Life

This Kinsey Scale For Asexual People Still Sucks

Oh boy. People really do not want to let go of the Kinsey scale. But it's time, you guys. It's really, really time. The latest foray into using it in the name of bad science involves a re-imagining of the scale, originally developed by Alfred Kinsey & Co. in the late 1940s to measure sexual orientation on a scale from 0 to 6, with 0 being exclusively heterosexual and 6 being exclusively homosexual. This re-imagining, called the Purple-Red Scale of Human Attraction, attempts to take expressions of asexuality into account, and apply them to Kinsey's scale. At face value, that sounds great! The Kinsey scale has widely been critiqued for leaving out folks of asexual orientation, and the person who developed the Purple-Red Scale is inclusive of aromantic asexuals, as well as romantic asexuals, plus folks who experience tertiary sexuality, and secondary sexuality. Folks who experience sexual desire are represented by the attraction types "primary sexuality" and "hyper sexuality." A breakdown of what those identities mean, if you need a refresher, and their placement on the Purple-Red Scale follows:

"A (Aromantic Asexuality): Experiences no attraction, besides friendship and/or aesthetic attraction.B (Romantic Asexuality): Not interested in sexual relations whatsoever, but open to romance, touch, or bonds stronger than friendship.C (Tertiary Sexuality): Experiences no sexual attraction, but willing to do it for other reasons, such as children, pleasing their partners, etc.D (Secondary Sexuality): May develop lustful feelings over the course of a relationship, but not at first.E (Primary Sexuality): Sexual desire is established from the get-go, even if it is not acted upon. However, other components (such as companionship) are essential to these individuals.F (Hyper Sexuality): Sex is the be-all-end-all purpose of any relationship. Everything else is just a consolation prize or means to an end."

So nuanced! So inclusive!

So the way you're identified on the Purple-Red Scale is with the letter that corresponds to your attraction type, plus the Kinsey scale number from 0-6 that describes your sexual orientation. If you identify as a homoflexible, romantic asexual, then you would be a B5. If you identify as an exclusively straight, hypersexual person, then you would be an F0. Except there's still one giant problem with the Kinsey scale that not even this admirable attempt at updating it tackles: gender isn't binary.

At the risk of repeating myself, I'm going to quote myself from the last time a sex study using the Kinsey scale forced me to address this:

"The Kinsey scale is predicated on the outdated notion that gender is binary. Your only options are to choose whether you are attracted to people assigned the sex you were assigned at birth or people assigned the opposite sex, which isn't how gender works, and thus isn't how we describe sexual orientation anymore. The Kinsey scale assumes a cisgender experience of both the person self-reporting, and the gender to whom they are attracted. The reality behind sexual fluidity is that fluid people find themselves attracted to masculinity, femininity, and/or androgyny, not simply 'men,' 'women,' and/or 'both.' Sometimes the packaging of 'biological sex' matters in the attraction, but most of the time, it doesn't. The Kinsey scale, however, only works in terms of 'same or opposite sex.'"

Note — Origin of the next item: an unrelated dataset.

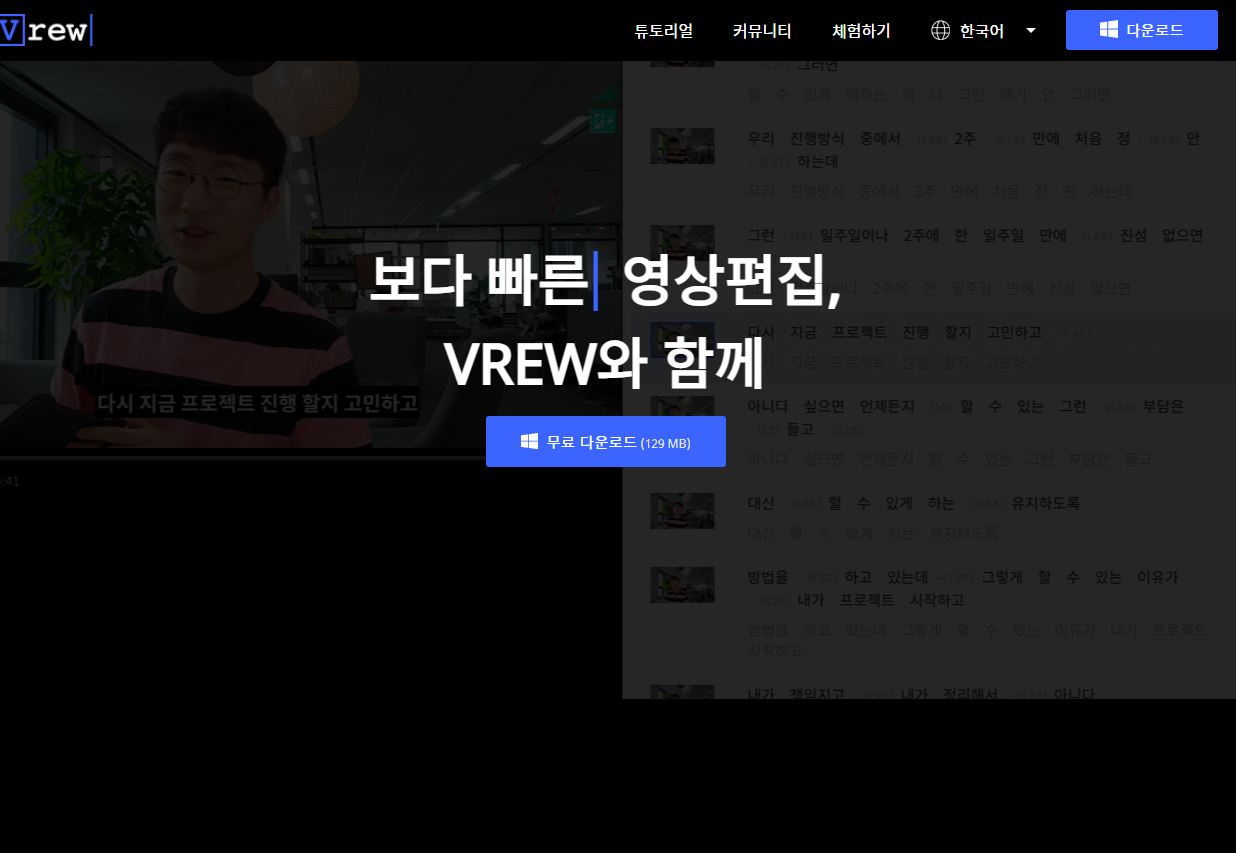 Vrew는 인공지능을 활용한 영상 편집 프로그램입니다. 신개념 영상 편집을 지금 경험해보세요.

As the way people define their gender identity grows more complex, so, too, will the way people define their sexual orientation. It's impossible to measure attraction to a gender identity on a binary scale, even with the extra accounting of asexual identities.

To paraphrase my close personal friend Regina George in this matter: "Stop trying to make the Kinsey Scale happen. It's not going to happen.